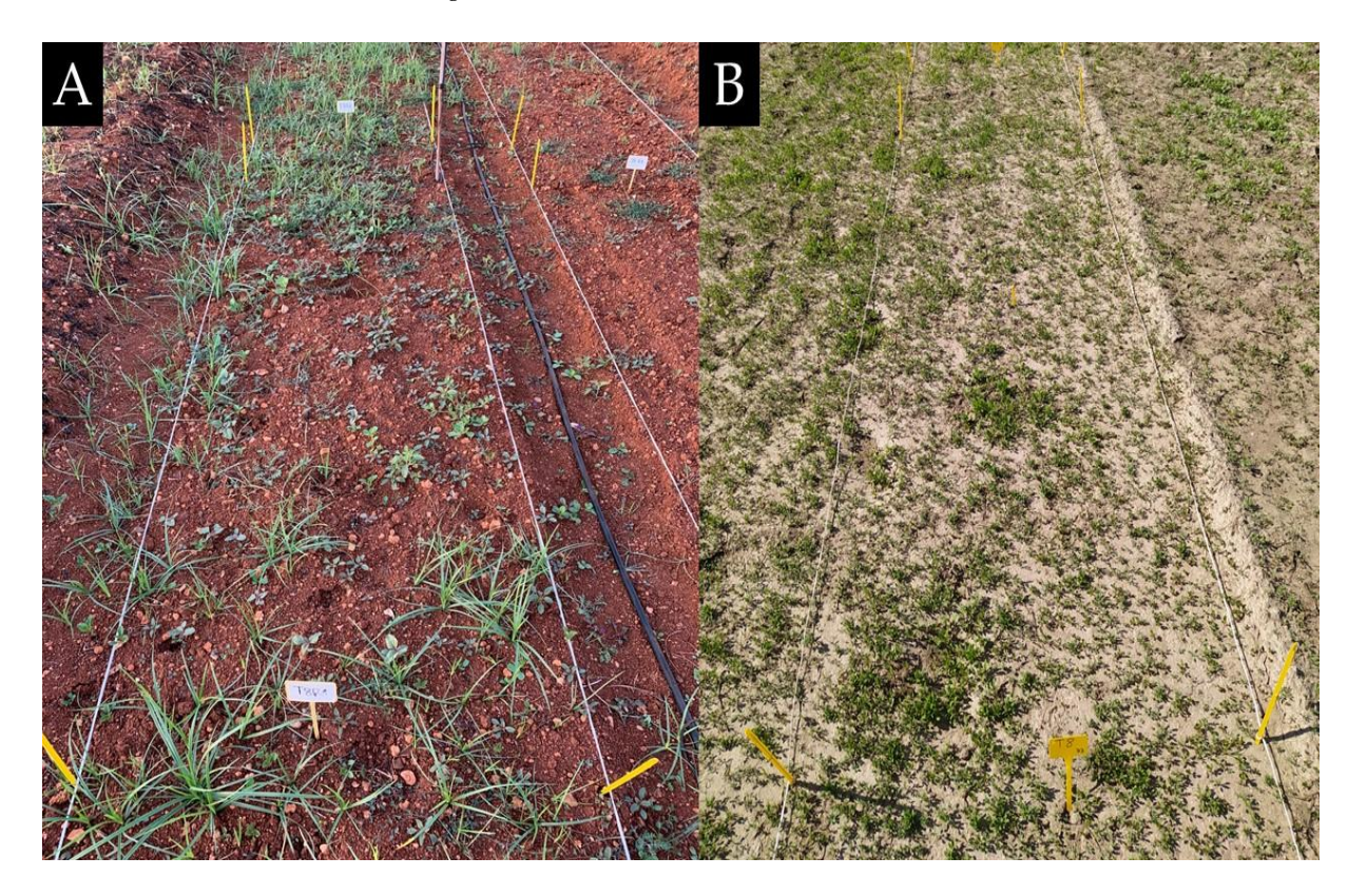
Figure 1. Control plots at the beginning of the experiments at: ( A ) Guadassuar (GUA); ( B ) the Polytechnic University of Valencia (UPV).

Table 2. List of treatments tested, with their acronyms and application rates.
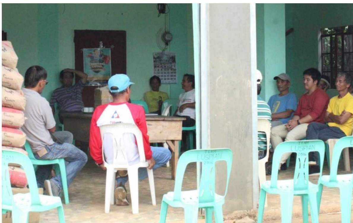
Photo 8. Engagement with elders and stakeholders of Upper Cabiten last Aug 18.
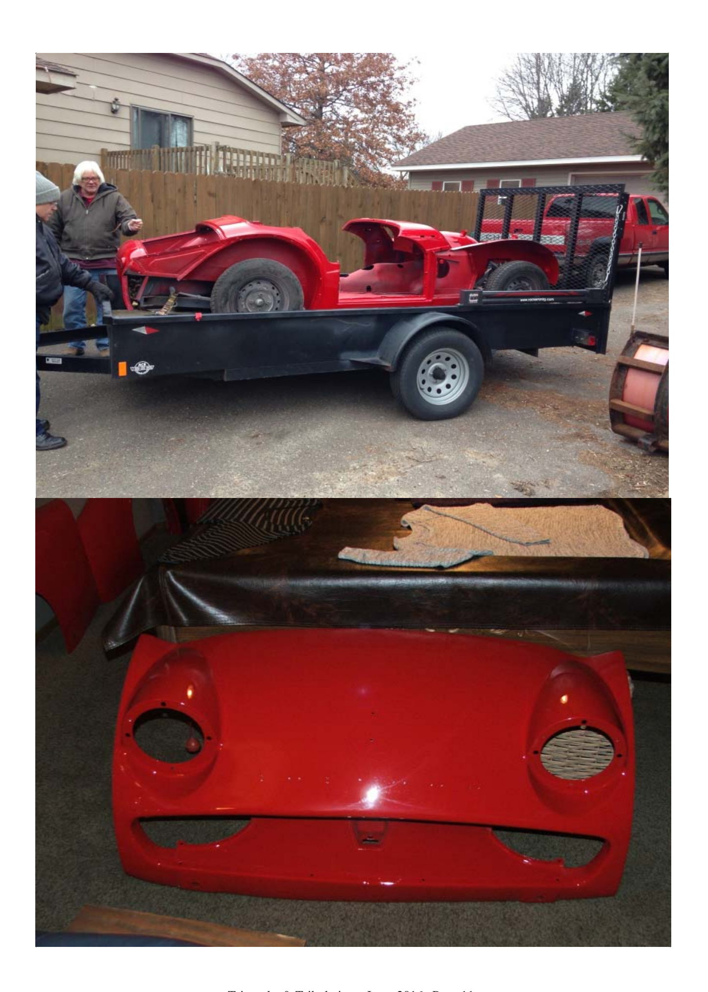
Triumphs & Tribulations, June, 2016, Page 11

★ ★ ★

**WORK TO BE COMPLETED**.
I would like the lines from the one with "Photo 8. Engagement" through the last line of the data above retyped exactly, with pictures left out, please.

**OUTPUT**.
Photo 8. Engagement with elders and stakeholders of Upper Cabiten last Aug 18.
Triumphs & Tribulations, June, 2016, Page 11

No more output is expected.